El medallón perlado y la nueva gramática compositiva

El cambio más consecuente fue la adopción universal del medallón de borde perlado como unidad organizadora del diseño textil de lujo. El medallón es un círculo de pequeñas unidades esféricas —leídas como perlas, como rayos solares o como ambas cosas— que encierra un único motivo principal: una pareja de animales afrontados, un cazador a caballo, un senmurv, un caballo alado, un elefante. El medallón perlado es típicamente sasánida; aparece en los relieves rupestres de Taq-i Bustan, donde el arnés del caballo de Cosroes II lo muestra; sobre los paneles de estuco de Ctesifonte; sobre la platería de los talleres imperiales 20. Hacia el siglo VII se había convertido en el marco por defecto de las sedas de lujo bizantinas, y hacia el siglo VIII en el marco por defecto de cualquier seda producida en cualquier punto al oeste del Pamir que quisiera registrarse como cara. Los intermediarios sogdianos que portaban los modelos iranios al este, a la China Tang, portaban los mismos medallones 21.

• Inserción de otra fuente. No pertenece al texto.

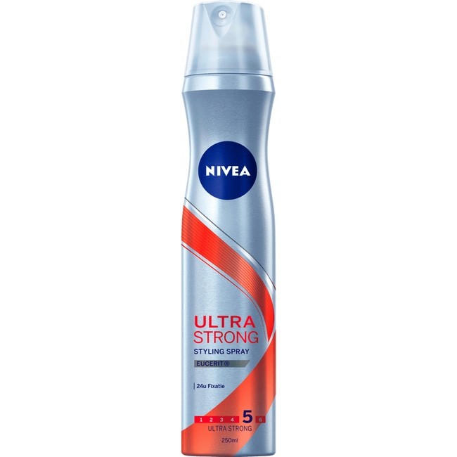 Nivea Ultra Strong Styling Spray met Hair Protection Factor – voor ultra sterke fixatie. Droogt je haar niet uit dankzij de verzorgende Macadamia-Olie. Versterkt & beschermt het haar. Voor mooi en zichtbaar gezond haar dat de hele dag goed zit.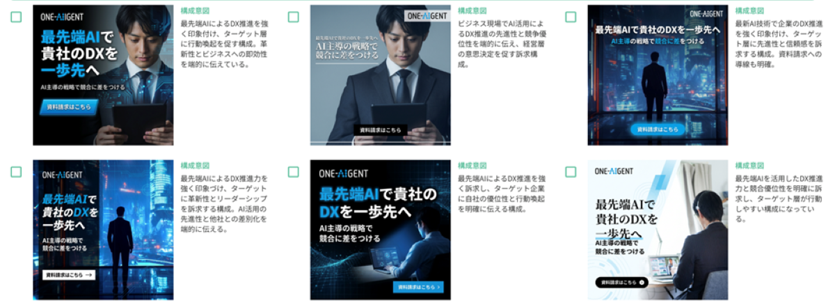 野口:前回見せていただいたアウトプットイメージは、鮮烈でした。このようにバナー広告を量産でき、「広げる」「深掘る」といった訴求の方向性も確認できると、配信後の知見も相当蓄積できそうです。訴求の方向性や、「このワードを入れたい」といった細かい部分まで、指定することもできるのですか?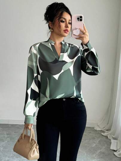 Elenzga 休闲拼色印花缺口领衬衫,适合春秋季节 - 橄欖綠 - 查看 1
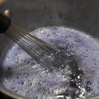 In a small saucepan, pour your water and whisk in the sugar and blue butterfly pea flower powder till dissolved. Sprinkle the gelatin over the top and let sit for at least 5 minutes. Not all of the gelatin will absorb the liquid beneath; that's okay.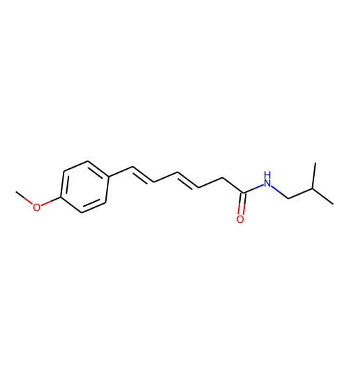 | Smiles | COc1ccc(C=CC=CCC(=O)NCC(C)C)cc1 |

Dentro del medallón el nuevo repertorio era bestial: caballos alados, cabezas de jabalí, carneros, ciervos, patos, leones, faisanes y el híbrido compuesto que las fuentes iranias llamaban senmurv (avéstico saēna mərəγa, «rapaz-pájaro») — una criatura con cabeza de perro, garras de león, cola de pavo real y alas, sacada del Avesta y del Bundahišn pahlaví. El senmurv no tiene antecedente griego ni latino. Entra en el arte bizantino como préstamo iranio y se queda allí durante siglos 22.

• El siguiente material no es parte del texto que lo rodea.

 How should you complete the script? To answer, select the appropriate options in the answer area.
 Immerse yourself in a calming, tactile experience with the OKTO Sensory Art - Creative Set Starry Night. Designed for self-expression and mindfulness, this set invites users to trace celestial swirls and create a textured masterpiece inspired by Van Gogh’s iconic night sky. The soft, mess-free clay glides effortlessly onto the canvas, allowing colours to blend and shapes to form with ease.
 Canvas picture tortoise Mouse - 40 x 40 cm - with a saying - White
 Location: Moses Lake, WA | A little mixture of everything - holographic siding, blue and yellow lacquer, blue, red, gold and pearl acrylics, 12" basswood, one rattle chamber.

Un plato circular de plata en bajo relieve con figuras en resalto dispuestas en tres zonas verticales: arriba dos soldados, en el centro un joven imberbe golpeando con una piedra a un gigante con casco caído, y abajo el joven cortando la cabeza del gigante con la propia espada del gigante.
El plato de David y Goliat, uno de los nueve platos de plata estampados entre 613 y 630 d. C. en Constantinopla bajo Heraclio (r. 610-641). El conjunto se descubrió en Karavas, Chipre, en 1902, y se comisionó probablemente para celebrar la victoria del emperador sobre el rey sasánida Cosroes II en 628 — victoria que el cronista franco Fredegario comparó con la de David sobre Goliat. El taller bizantino adoptó el formato del plato de plata sasánida (bajo relieve, incrustación de niel, dorado al mercurio) y respondió al tipo sasánida del combate real en un idioma bíblico cristiano: el mismo medio, la misma técnica, la misma composición del instante detenido, la mitología opuesta. Metropolitan Museum of Art (17.190.396).
Byzantine imperial workshop, Constantinople. The Battle of David and Goliath, c. 629–630 CE. Photograph by Fordmadoxfraud. Metropolitan Museum of Art (17.190.396). CC BY-SA 3.0 via Wikimedia Commons. · CC BY-SA 3.0

Testigos supervivientes: sedas que aún se pueden tocar

Tres textiles supervivientes permiten inspeccionar la transmisión con la mano.

La seda de los cazadores de Mozac, hoy en el Musée des Tissus de Lyon, se produjo en un taller imperial bizantino hacia 760 d. C. Su composición central es una escena de cacería con borde de medallón perlado, con dos jinetes simétricos pareados que lancean a leones, dispuestos en torno a un árbol de la vida estilizado — el tipo Bahram Gur de la iconografía sasánida de cacería real, trasladado a un medio bizantino y presentado, sobre la evidencia de su lugar de hallazgo, como regalo diplomático bizantino a la corte carolingia de Pipino el Breve en el contexto de las negociaciones matrimoniales entre el hijo de Constantino V, León, y la hija de Pipino, Gisela 23. La seda se conservó en la abadía de Mozac, en Auvernia, donde se usó para envolver las reliquias de san Austremonio. Nada en su iconografía es cristiano. Todo en su iconografía es sasánida. Y fue confeccionada por manos bizantinas en el taller imperial de un imperio cristiano.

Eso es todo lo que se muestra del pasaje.